Since I was re-watching this one, and it had been a while, I chose to go back to Romero’s original theatrical cut. I’m sure many of you have seen the Directors cut or the International Cut known as Zombimaking it the supposed predecessor to Zombi 2. The theatrical cut made me really long for the Zombi cut a bit. I was glad to see some of the expository scenes that are missing in that cut, but the theatrical version does lose a little something due to the sound tracking. The International cut features a score by the incomparable Goblin while Romero’s original release is set primarily to music taken from the De Wolfe music library, a source for pre-cleared tunes available for film licensing. There are a few good cues that come from this, but the music that follows Ken Foree’s final actions sounds more like something rejected from an episode of The A-Team.

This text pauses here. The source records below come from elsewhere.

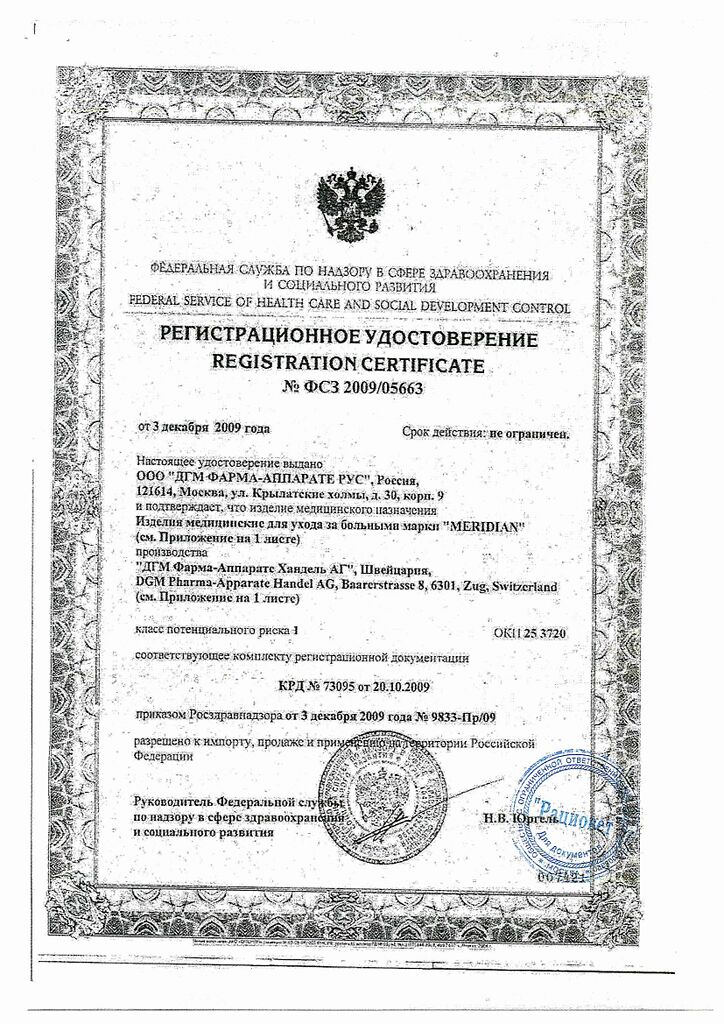 При индивидуальном пользовании возможна дезинфекция грелки с системой вышеуказанными растворами не перед каждым применением. При этом грелку с системой промыть горячей водой температурой не выше 90°C, присоединить наконечник, обработанный 1% раствором хлорамина в течении 30 минут или 3% по массе раствором перекиси водорода в течении 80 минут и промыть горячей проточной водой.
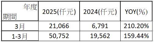 興櫃再生醫療公司和迅(6986)公布2025年3月營收為新台幣2,107萬元,較上月營收1,722萬元增加22%,較去年同期營收679萬元成長210%,改寫興櫃以來(歷年)同期單月營收新高的成績。累計2025年1至3月累計營收為新台幣5,075萬元,較去年同期累計營收1,956萬元成長159%,第一季在農曆春節、工作天數較少影響下,整體營運仍維持成長,繳出年增率大躍進的亮眼好成績!
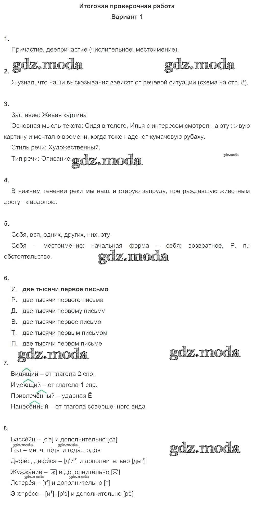 ГДЗ решение к заданию № Вариант-1 Русский язык 6 класс Тетрадь для оценки качества знаний Львов В.В. (к уч. Разумовской) Дрофа 2015 ФГОС бесплатно на гдз.мода!
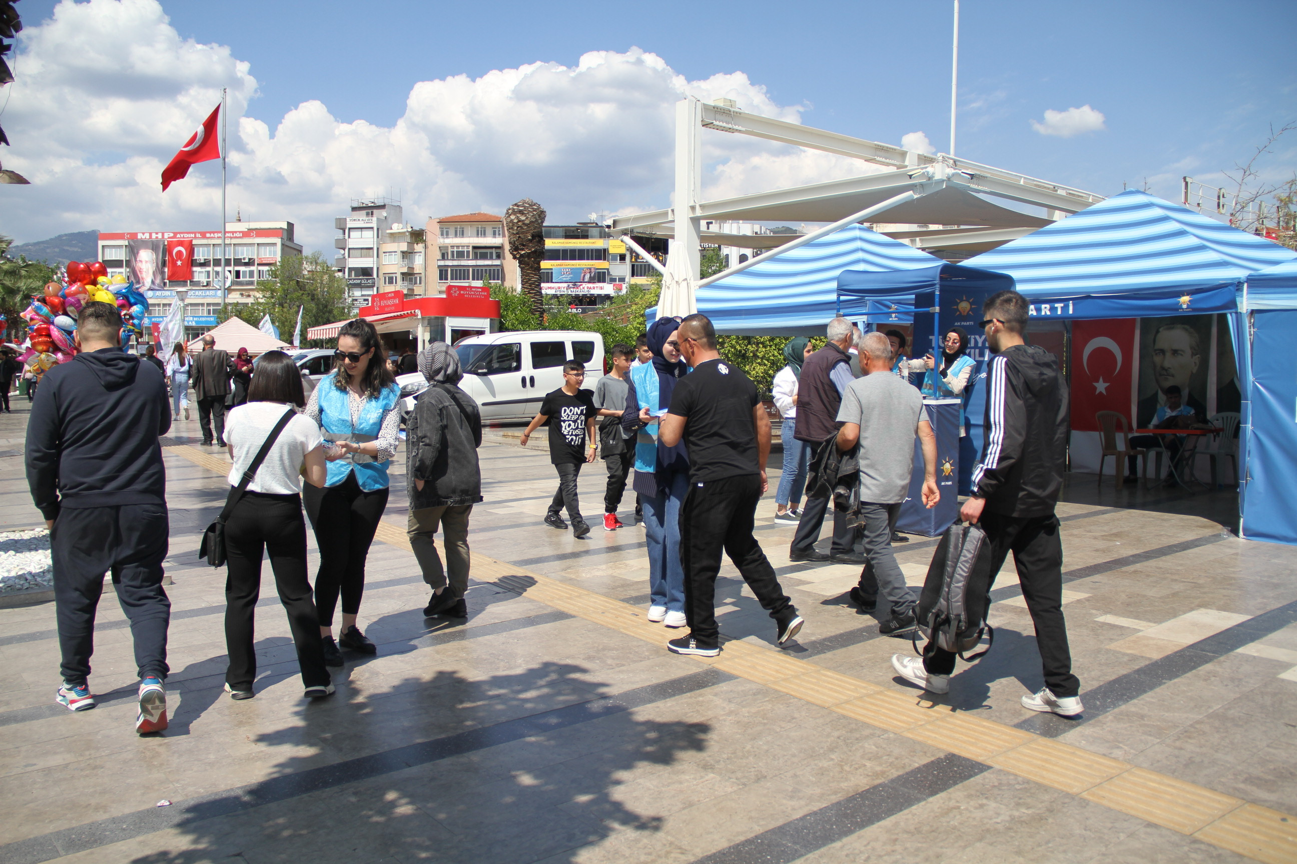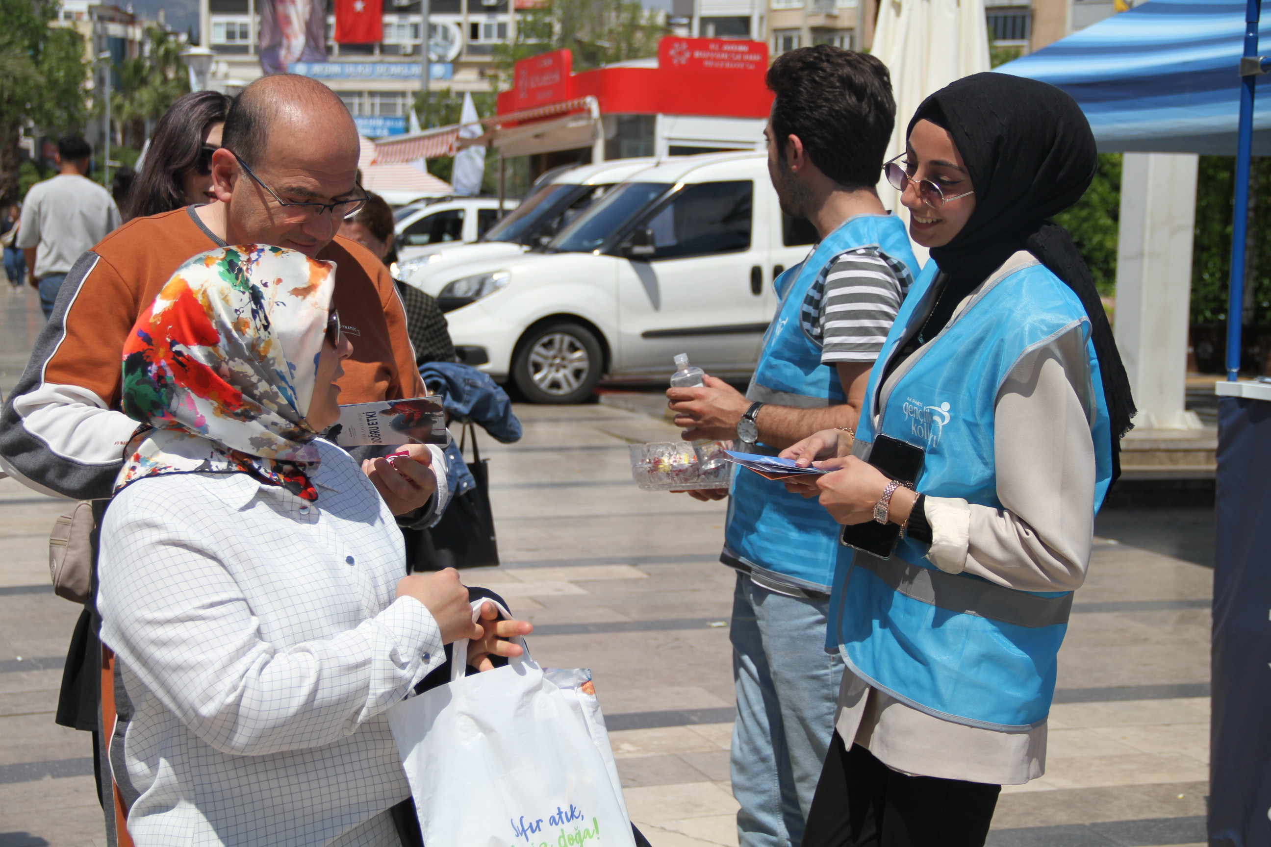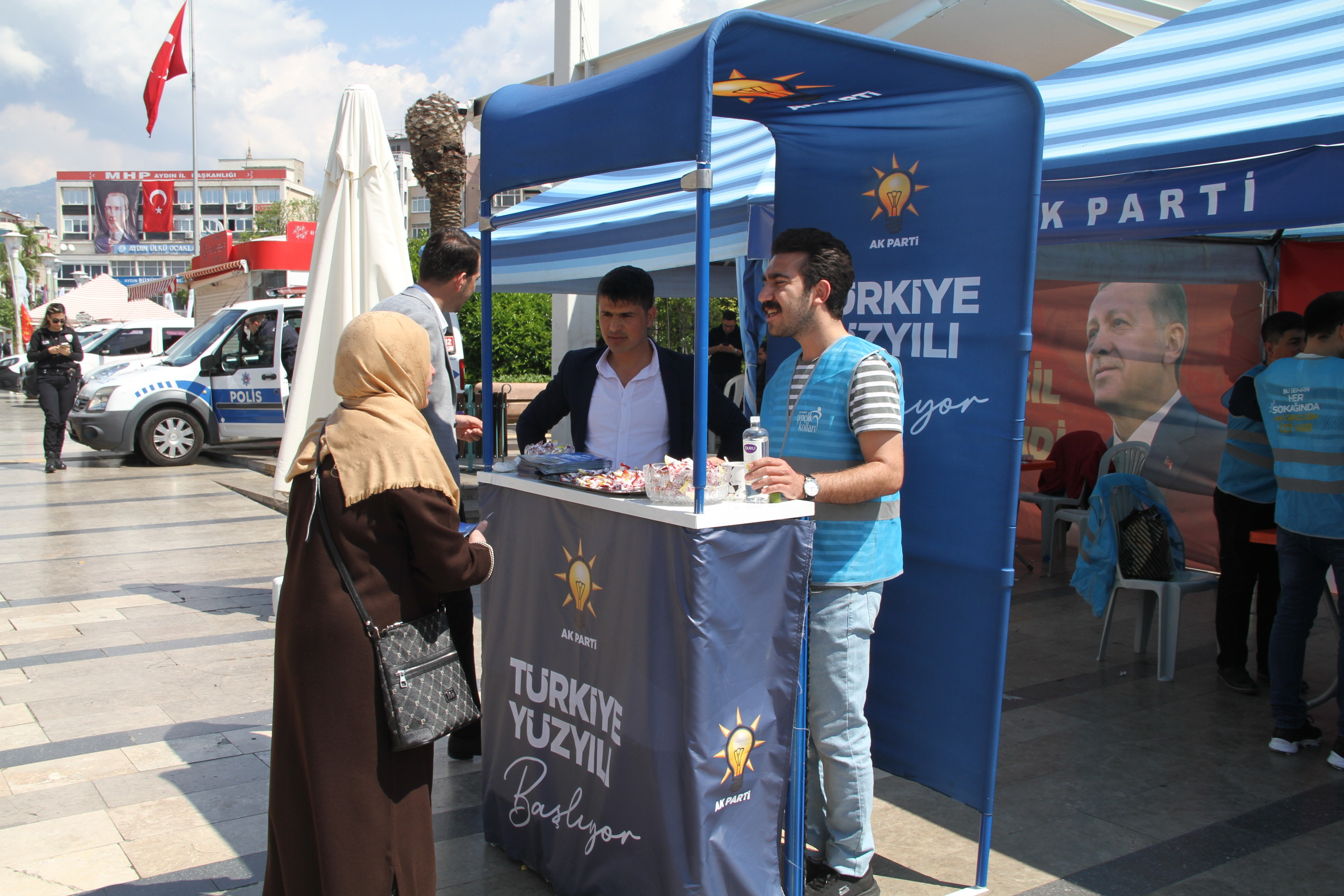 AK Parti Aydın İl Gençlik Kolları Kent Meydanı'nda stant çalışmalarında vatandaşın gönlüne giriyor.
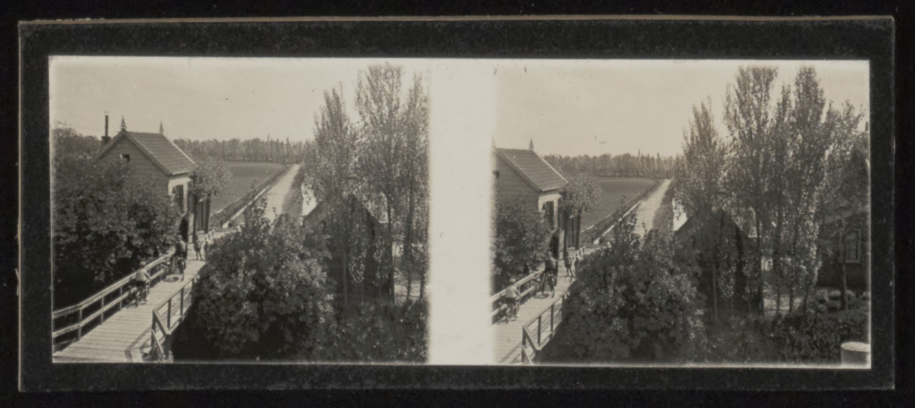 - Stereofoto van de brug over de Vuile Vliet naar de Watermolenweide, gezien vanaf de Weeskinderendijk.
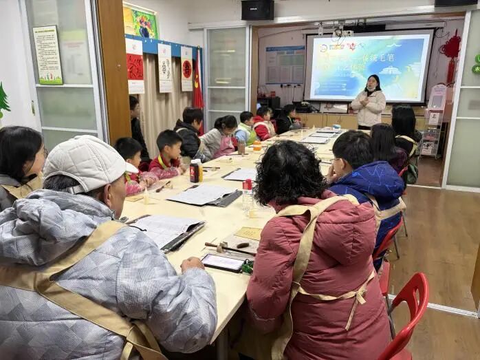 “笔下春秋”毛笔制作工艺体验中,孩子们在社区书画爱好者的陪伴下,完成打磨笔杆、黏合笔头、上蜡等步骤,并进行“开笔”,用自己制作的毛笔蘸墨挥毫,写出两代人心意的连接。

Dwelling on Dawn of the Dead’s interpretation, production, and acting, I hope I haven’t shortchanged how much fun this movie is. I’ve seen it dozens of times, and rarely do I even bother pondering the deep social issues involved. I’m usually just having fun watching people shoot zombies in a mall, go shopping for whatever they’d like, and bikers attacking zombies with the weapon preferred by the recently departed Soupy Sales, the cream pie. That’s why this movie really works and tops the list. This is one of the best sequels out there because it extends the narrative of the first, provides some food for thought, and if you’re not interested in breaking down the meanings, then there’s still Hare Krishna zombies receiving headshots. When it comes to sequels, Dawn of the Dead tops my list because it delivers all fronts, and it gives the gentle reminder that now that Halloween has arrived, there’s less than eight weeks until Christmas. I got a lot of shopping to do.